RECORDED INFORMATION ->
---*---

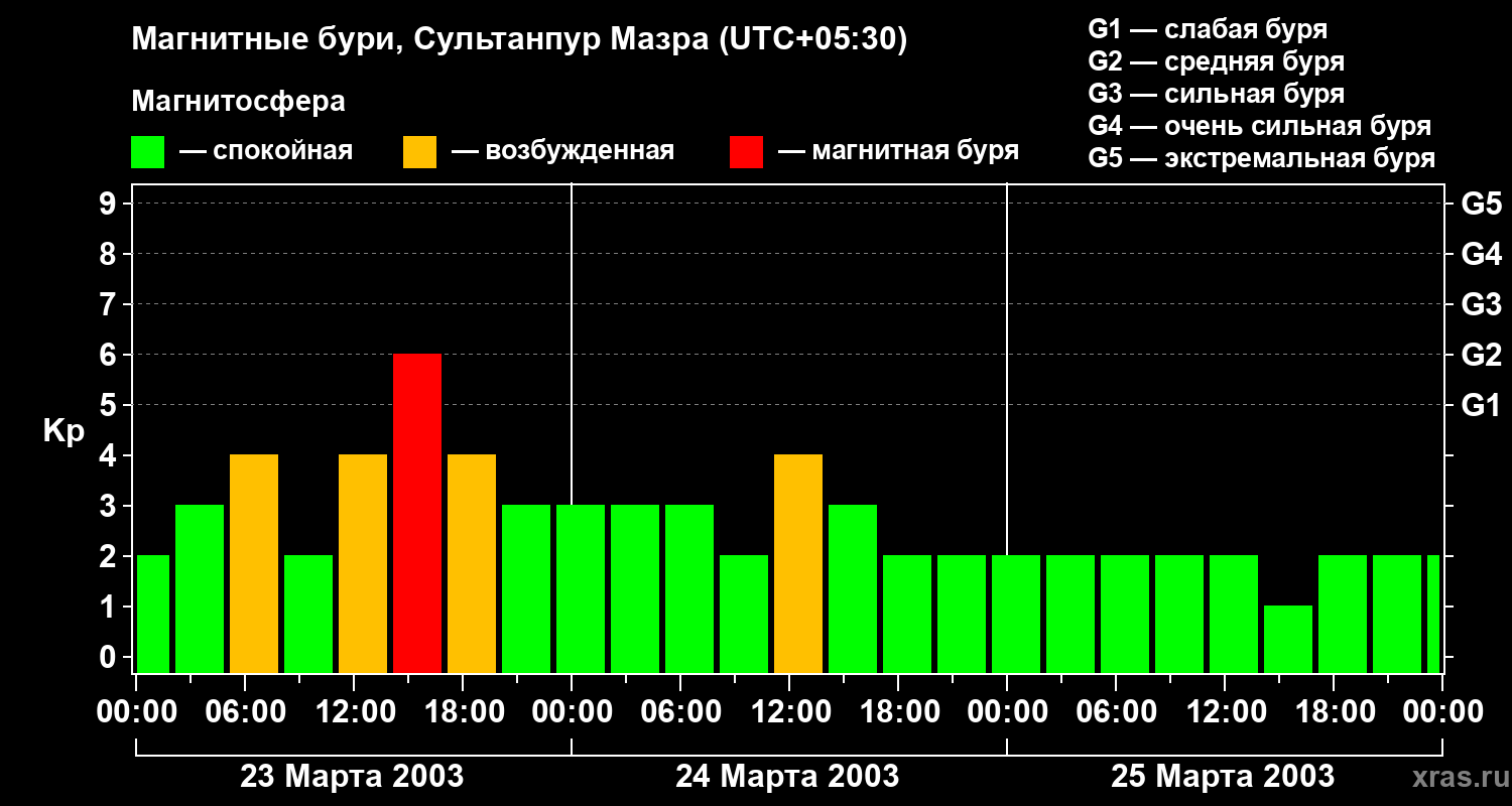 Магнитные бури в Сультанпур Мазре 25 марта 2003 года
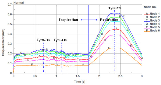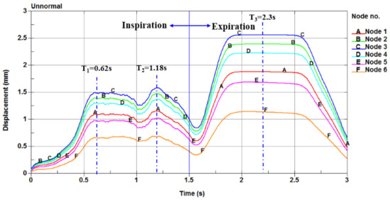 The locations of the six nodes are indicated in Figure 3. Figure 7 shows that the maximum displacements of the nodes in the expiration phase are much greater than those in the inspiration phase. In the inspiration phase, the maximum displacement occurs at T2 = 1.18 s and has a magnitude of 1.667 mm, at which point the soft palate moves to the anterior wall of the pharynx, as shown in Figure 8b. During the expiration phase (T = 1.8–2.6 s), the displacement of the soft palate fluctuates around the peak value (maximum displacement) with a magnitude of 2.628 mm; it occurs at T3 = 2.3 s and then the soft palate moves to the posterior wall of the pharynx, as shown in Figure 8c.
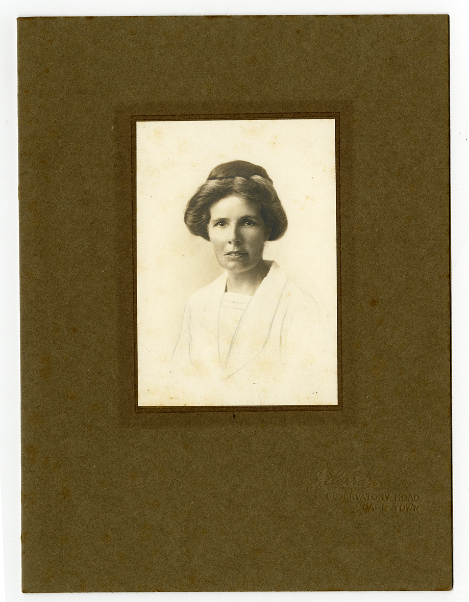 Studio portrait. Sepia. Photographer: J. Farrar, Observatory Road, Cape Town. 4 x 2¾ inches mounted in brown card photographer's folder, 8 x 6 inches.
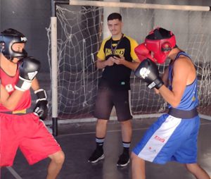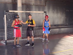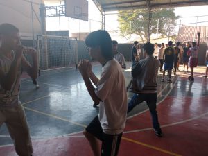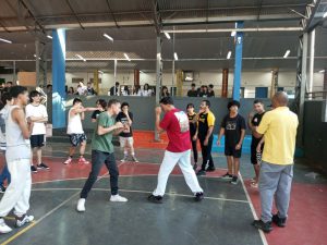 No segundo momento da vivência esportiva, divididos em grupos, os alunos aprenderam os fundamentos técnicos básicos do boxe, como posição de combate, golpes retos e deslocamentos de perna.

---*---

Nothing but the lines from the start of the listing through the line with "The locations of" belongs in the answer, each one retyped exactly and without pictures.

 Магнитные бури в Сультанпур Мазре 25 марта 2003 года
 The locations of the six nodes are indicated in Figure 3. Figure 7 shows that the maximum displacements of the nodes in the expiration phase are much greater than those in the inspiration phase. In the inspiration phase, the maximum displacement occurs at T2 = 1.18 s and has a magnitude of 1.667 mm, at which point the soft palate moves to the anterior wall of the pharynx, as shown in Figure 8b. During the expiration phase (T = 1.8–2.6 s), the displacement of the soft palate fluctuates around the peak value (maximum displacement) with a magnitude of 2.628 mm; it occurs at T3 = 2.3 s and then the soft palate moves to the posterior wall of the pharynx, as shown in Figure 8c.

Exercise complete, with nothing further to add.